::: RECORD EXTRACTS :::
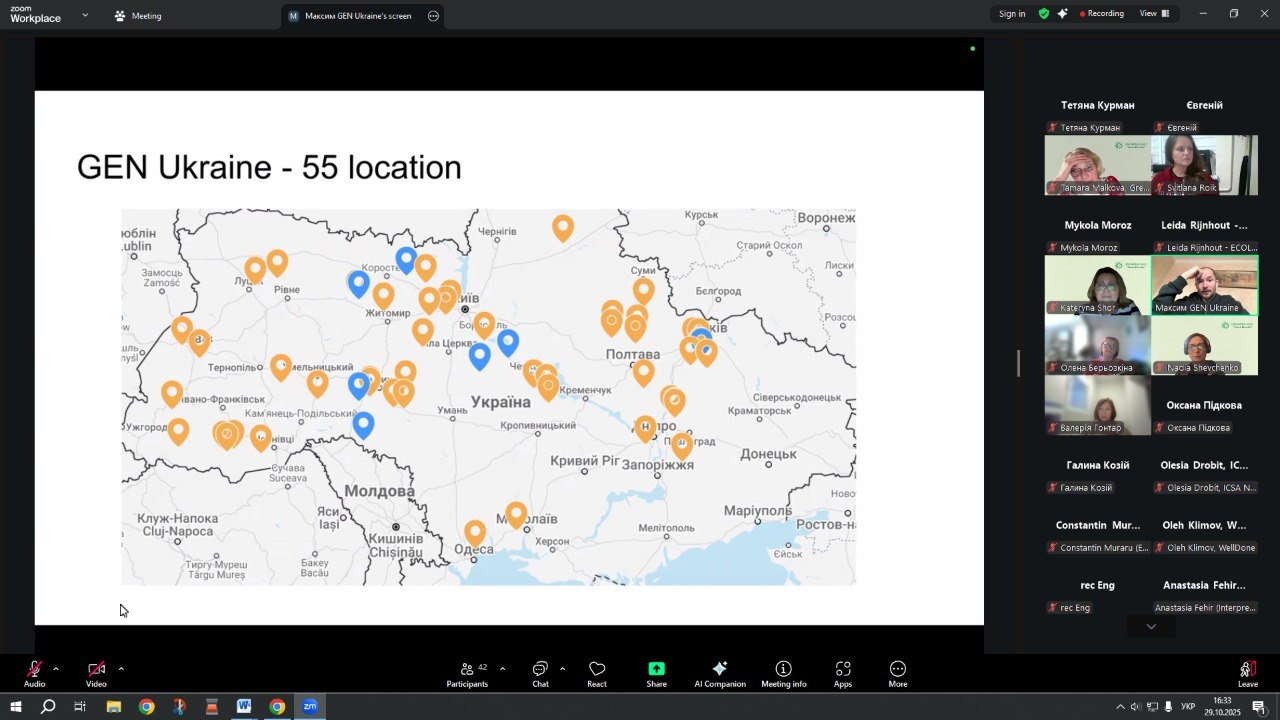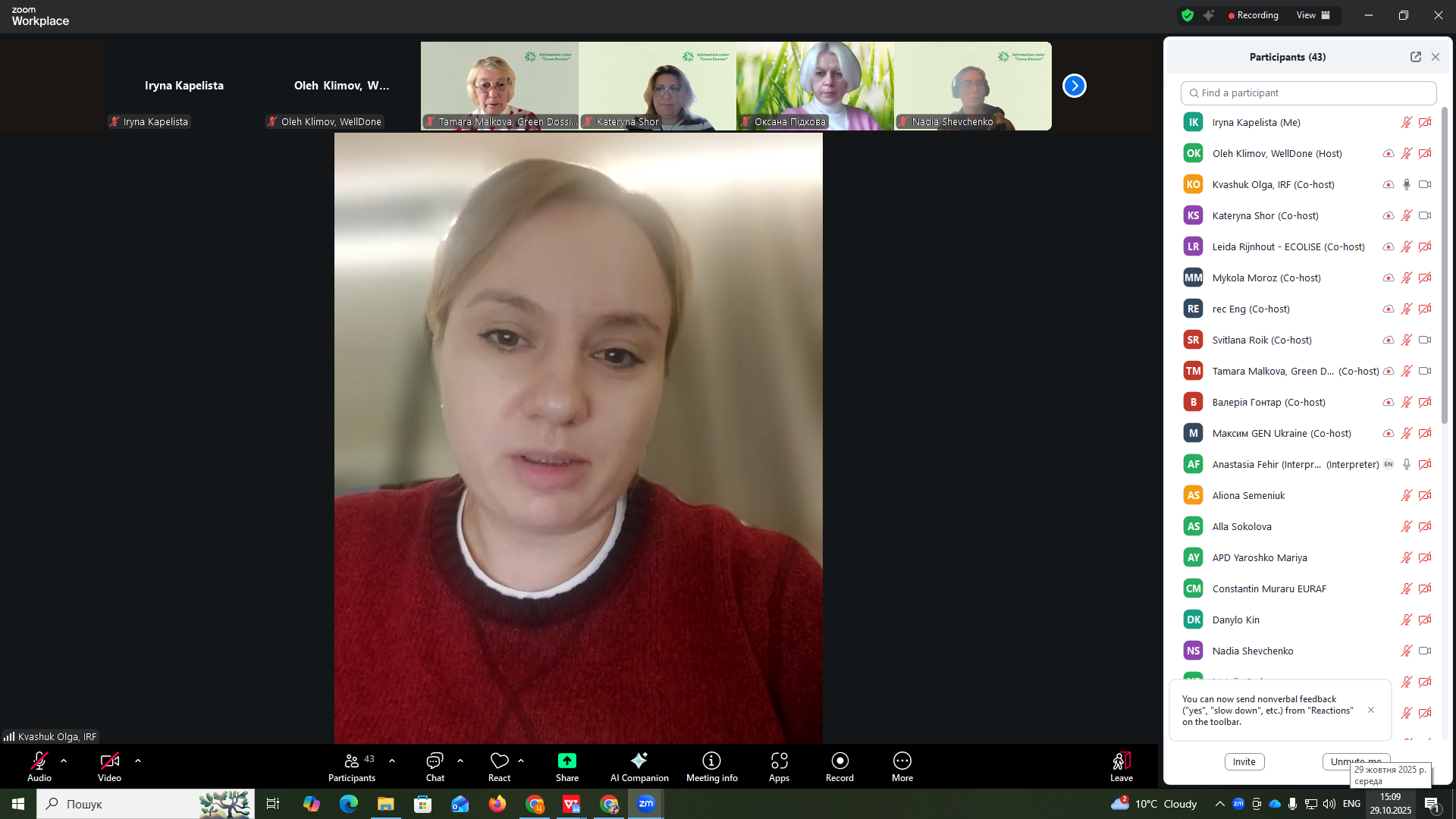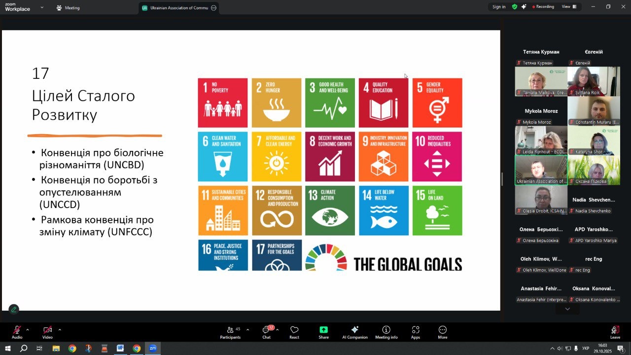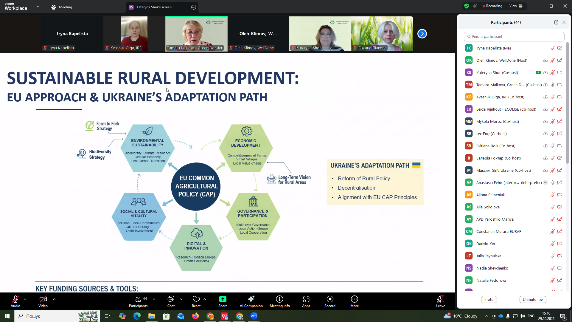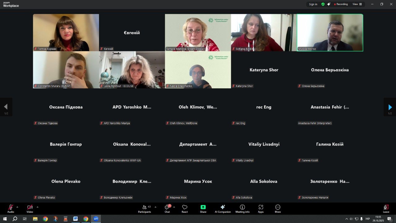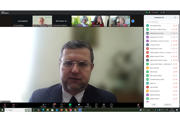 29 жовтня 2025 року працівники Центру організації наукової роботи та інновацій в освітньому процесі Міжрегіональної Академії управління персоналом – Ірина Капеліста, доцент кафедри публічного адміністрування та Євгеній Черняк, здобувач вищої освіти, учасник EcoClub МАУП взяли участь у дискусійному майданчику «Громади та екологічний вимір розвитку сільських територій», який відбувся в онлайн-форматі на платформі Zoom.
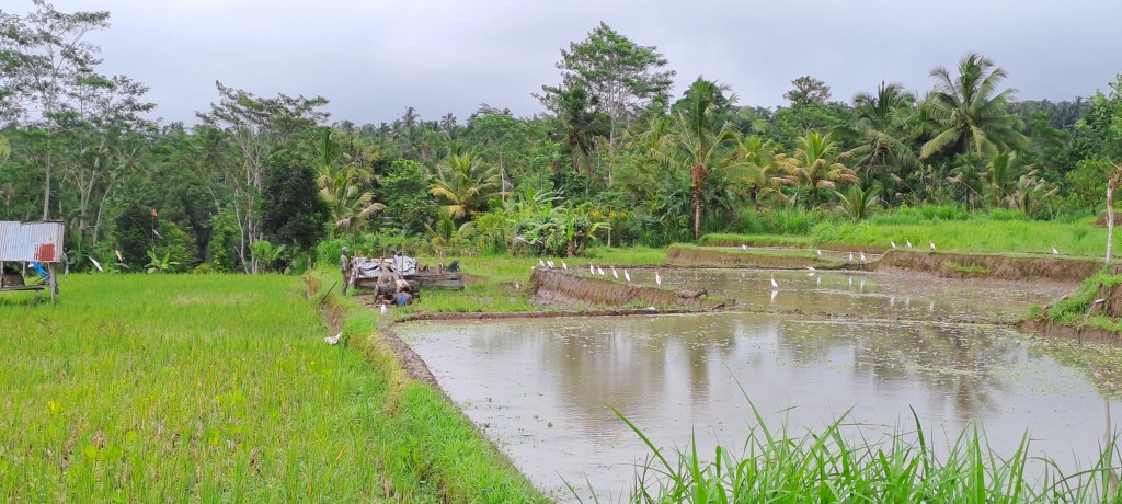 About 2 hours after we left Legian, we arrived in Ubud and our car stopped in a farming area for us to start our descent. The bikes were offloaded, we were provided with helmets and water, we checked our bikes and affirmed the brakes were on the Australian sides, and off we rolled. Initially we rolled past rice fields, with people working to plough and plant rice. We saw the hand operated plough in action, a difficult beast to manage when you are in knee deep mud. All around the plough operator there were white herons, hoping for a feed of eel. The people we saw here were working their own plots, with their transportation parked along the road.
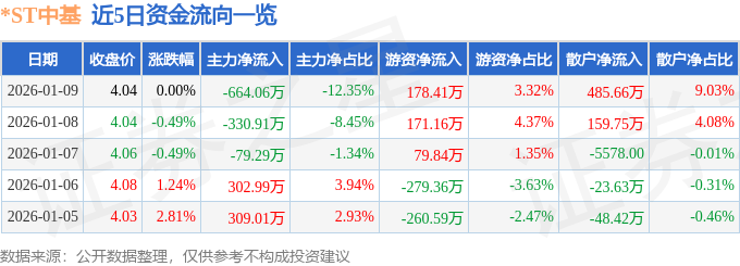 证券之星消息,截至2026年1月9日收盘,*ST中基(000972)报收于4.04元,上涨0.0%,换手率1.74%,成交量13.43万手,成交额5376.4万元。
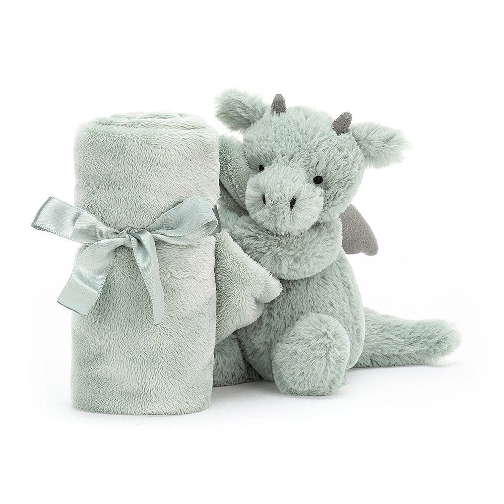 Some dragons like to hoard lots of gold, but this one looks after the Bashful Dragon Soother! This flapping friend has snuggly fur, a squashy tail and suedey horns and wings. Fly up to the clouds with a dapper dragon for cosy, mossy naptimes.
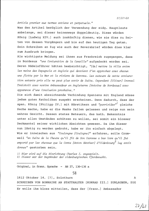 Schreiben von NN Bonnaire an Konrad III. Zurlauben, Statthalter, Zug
:::
> [WHAT YOU HAVE TO DO]: Please write out, exactly, every line from the line with "证券之星消息,截至2026年" through the final line of the data above, leaving out pictures.

> [WRITTEN SOLUTION]:
 证券之星消息,截至2026年1月9日收盘,*ST中基(000972)报收于4.04元,上涨0.0%,换手率1.74%,成交量13.43万手,成交额5376.4万元。
 Some dragons like to hoard lots of gold, but this one looks after the Bashful Dragon Soother! This flapping friend has snuggly fur, a squashy tail and suedey horns and wings. Fly up to the clouds with a dapper dragon for cosy, mossy naptimes.
 Schreiben von NN Bonnaire an Konrad III. Zurlauben, Statthalter, Zug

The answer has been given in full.